As we said, there’s developers and then there’s operations. These two “camps” do strive to communicate with each other, but in practice it’s very complicated. Each of them speaks, in some sense, a different language or at least a different dialect. What might be simple from the perspective of development might not be implementable on the servers, where one needs to take the infrastructure into account. At the same time, things which are easy to handle on the infrastructure side could be a difficult nut to crack for the developers.

What would happen if we were to take a developer and sent them to study operations? Or, from the other side, if we were to take someone from operations and sent them to scout out what’s happening in development? That is how we get someone who could call themselves a DevOps specialist. But for them to “earn” the title, they need to understand more than just what the product is made of and where it’s implemented.
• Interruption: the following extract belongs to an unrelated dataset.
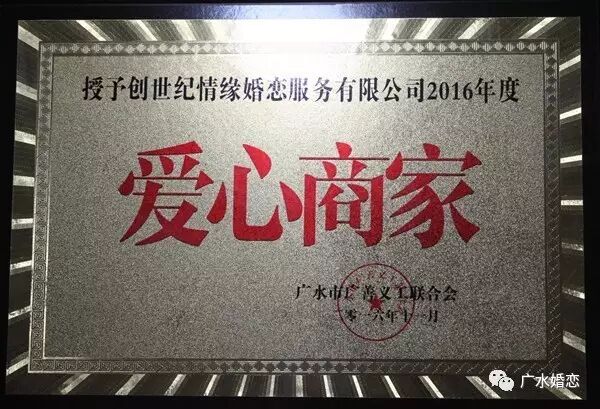 广水市创世纪情缘婚恋服务有限公司(全国连锁创世纪情缘婚恋广水店)是广善义工联合会授予的“爱心商家”,长期专注于广水市婚恋服务行业。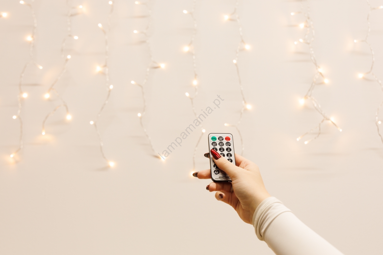 • Cortina de Natal exterior LED regulável CURTAIN 360xLED/8,4W/230V 2x2 m IP44 branco quente + comando

They need to, first and foremost, change their mindset.

Here we’re referring to a whole range of procedures which automate and standardize the processes between the development of software and operations, so that it is possible to build, test and release SW more reliably and quickly.​

New Mindset + New Tools + New Skills = DevOps​​

You build it, you run it!

The basic idea is that DevOps isn’t just about technology – it’s a whole development paradigm. To make sure that a company works as it should, one needs to change not only the applications they use but also the whole approach to development, testing and implementation into production; in fact, the way we think about this general process should change.​

It used to be an utopian dream, but today it is in fact possible to rent whole clusters, including administration and connections to various services such as databases (e.g., PostgreSQL, MySQL and CockroachDB), queues (e.g., Kafka and RabbitMQ), analytical systems (Hadoop), logging and monitoring infrastructure (Elasticsearch, Kibana, Grafana) as well as various IoT services and REST API. And how else to speed up the whole process from the creation of an application to its implementation than by knowing how to run these applications on your own.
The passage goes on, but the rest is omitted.